Venezuelan soldier killed in attack: govt

A Venezuelan soldier was killed yesterday during an attack on a military unit in the south of the country, the government said, blaming it on Brazil- and Peru-backed political foes.

“Early today, a military unit was attacked in the south of the country by extremist opposition factions, with a large number of weapons stolen,” the defense minister, General Vladimir Padrino, wrote on Twitter.

“It was in this terrorist attack that an army officer was killed.”

Local media reported that the attack took place in Gran Sabana, one of the main tourist areas in the country, in the southern state of Bolivar that borders Brazil.

The El Pitazo website said the attackers overtook the military detachment and a police station, taking more than 100 rifles.

Authorities have yet to confirm those reports.

Padrino added that several military and police units in the area pursued the perpetrators after the attack and managed to recover an unspecified number of rifles.

Communications Minister Jorge Rodriguez said the assailants had been “trained in fully identified paramilitary camps in Colombia.”

They had also “received harmful cooperation from the government of (Brazil’s right-wing President) Jair Bolsonaro,” he charged.

Six people were arrested, Rodriguez said.
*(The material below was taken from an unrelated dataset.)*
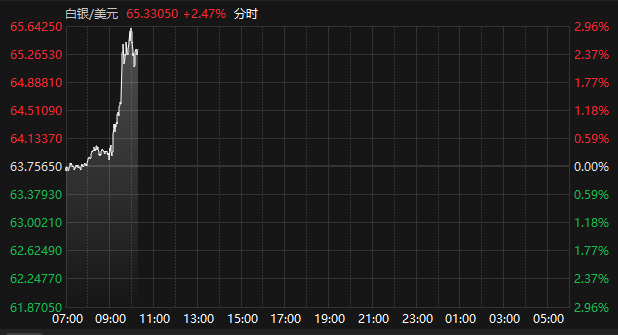 国际现货白银站上65美元/盎司关口 续创历史新高

According to Padrino, the six captured provided “information of criminalistic interest” and state security agencies were pursuing their accomplices.

Foreign Minister Jorge Arreaza added that those involved are based in Peru and called the Peruvian authorities “accomplices” for allowing the organization to operate “with impunity.”

“It is a coup strategy of triangulated governments of the Lima cartel to produce violence, death and political destabilization in Venezuela,” he tweeted.

On December 14, Venezuela’s socialist government accused two lawmakers of plotting a coup attempt against Maduro, with the alleged involvement of the opposition leader Juan Guaido, who is recognized as interim president by some fifty countries.

According to Rodriguez, the plan, which included the taking of two barracks in the Sucre state, was part of an alleged conspiracy whose plotters wanted to extend to Caracas and other regions.